Tabii ki bunun dışında yapılması gereken ve planlanması gereken bir çok farklı yöntem ve kontrol vardır. Bu tamamen sizin ürününüzün dinamiklerine bağlı olacağı için bütün örneklere girmek yersiz olacaktır.
Etki ölçümü ve öğrenimler
Ürünü kullanıcılara ulaştırdıktan sonra, belirlediğiniz kriterleri takip etmeniz ve başarınızı takip etmeniz şart. Bunu tek başınıza yapmak zorunda değilsiniz, ürün yöneticiniz burada en iyi ortağınız olacaktır.
Bunun yanında proje sonunda, projeye özel bir retrospektif yapmanız ileride proje boyunca yaptığınız hataları tekrarlamamanız için önemli.
Böylece bir projenin başından sonuna kadar tüm adımlarını ele almış olduk. Proje yönetimi becerisi, bir yazılımcının kariyerinde ilerlemesi için çok önemli bir yetkinlik. İleride başka bir yazıda da teknik tasarım dokümanından ve başka yöntemlerden bahsetmeye çalışacağım.
Bu yazıyla ilgili geribildirimleriniz varsa lütfen geribildirim formunu doldurmayı unutmayın! Aldığım geribildirim ve soruları yakında yazmaya başlayacağım yeni bir bölümde cevaplamaya çalışacağım!
Ayrıca, bu yazıyı önceden okuyup imla hatalarını bulan ve düzelten sevgili Şeyma Sağınç’a da ayrıca teşekkür etmek istiyorum!

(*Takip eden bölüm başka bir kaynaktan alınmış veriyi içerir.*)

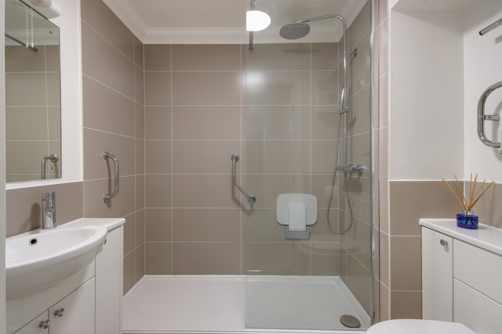 - Modern shower room with walk-in shower, hinged seat, grab rail, low level WC and washbasin.
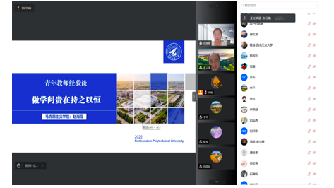 2022年1月16日19:30,由西北工业大学马克思主义学院发起主办朋辈思政课《青年教师经验谈》第2期如约而至。本期主讲人为学院青年教师赵海霞副教授,我院全体研究生和部分教师通过在线方式参加了本次讲座。研究生秘书肖妮老师主持报告会。

Farkli bir sektorden yazilim sektorune gectigimde kafamdaki en onemli soru isaretlerinden biri isleyisti. Burada uzerinde durdugunuz surecin oldukca fayda sagladigini belirtmek isterim. Uzun zamandir dusundugum bir fikri tam hayata gecirmek uzereyken karsilastigim bu yaziniz daha sistemli ilerlememi saglayacak. Cunku proje oncesi hazirladigim aksiyon planinda baslangic asamasindaki belirttiginiz sorulardan birinin eksik oldugunu fark ettim. Emeginize saglik, tesekkurler
Baştan sona çok güzel bir özet olmuş. Eline, emeğine sağlık.
Bu yazılar böyle devam ederse Martin Fowler bloğu gibi eşsiz bir Türkçe arşiv oluşacak.